His campaign approach just ripped off the lid on some serious ideological errors on the left that have been simmering away for decades.
White progressives have to recenter their definition of economic rights/civil rights. The current package of economic reform ideas considered "neutral" are not; they largely benefit whites and don't penetrate to the levels of disadvantages and punitive laws that impact the layers of people who are not white/male/straight/cis/abled.
"Now I agree with Mr. Sanders that the Democrats don't do enough to uphold the interests of the working class; hell, I don't think that the Democrats, by and large, do enough to uphold the causes of racial/gender justice."
I agree too. I also agree that working class whites don't vote with Democrats because of racism. We have a friend who is a professor in IN who says that his neighbor is a white union guy, smokes pot, and votes Republican because that is a cultural hallmark of being white where he lives. I don't see where the FDR coalition reaches back into the time machine and changes what has been done to working class whites to get them to vote against their interests. Any movement this group is making *as a mass* has been reactionary.
More insidious to me is the line of thinking that fights for civil rights/equality/"identity politics" have somehow been a distraction from teh "real" fight. Where I am stuck as an activist--is it our responsibility to draw a picture of how Big Capitalism* has actually been at work fighting us on civil rights and that we have been impacted by the system and that our fights are not just some political dessert topping? Or do we just keep doing our thing in the Obama coalition and ignore this reactionary strain in left-wing ideology? It seems to be small, but noisy, I don't know where to put my energy on this.

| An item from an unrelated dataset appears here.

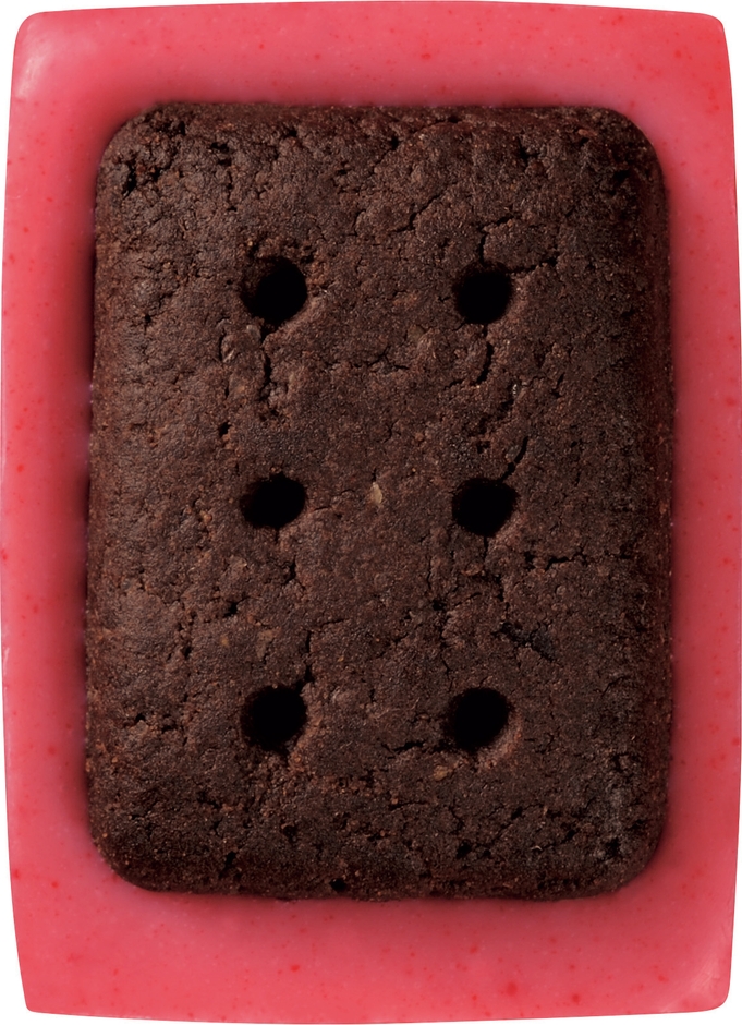「アルフォートミニチョコレートプレミアム濃苺」は、甘酸っぱい苺パウダーを練り込んだチョコレートと、全粒粉入りのココアビスケットを組み合わせました。チョコレートとビスケットの絶妙なおいしさに加え、苺の濃厚な味わいをお楽しみいただけます。チョコレートとビスケットの配合を見直し、全体的な味のバランスを向上しました。

*(for example, the role that free market think tanks like the American Enterprise Institute have played in legitimizing works like The Bell Curve, attacking feminism, etc. That's just one off the top of my head. The far right forces of monopoly have been behind a lot of discriminatory bullshit that also has economic consequences, as I am sure many here can attest.)
I think the conversation has to go beyond the 2016 elections, since we are talking about the future alignment of the total electorate and what we are doing.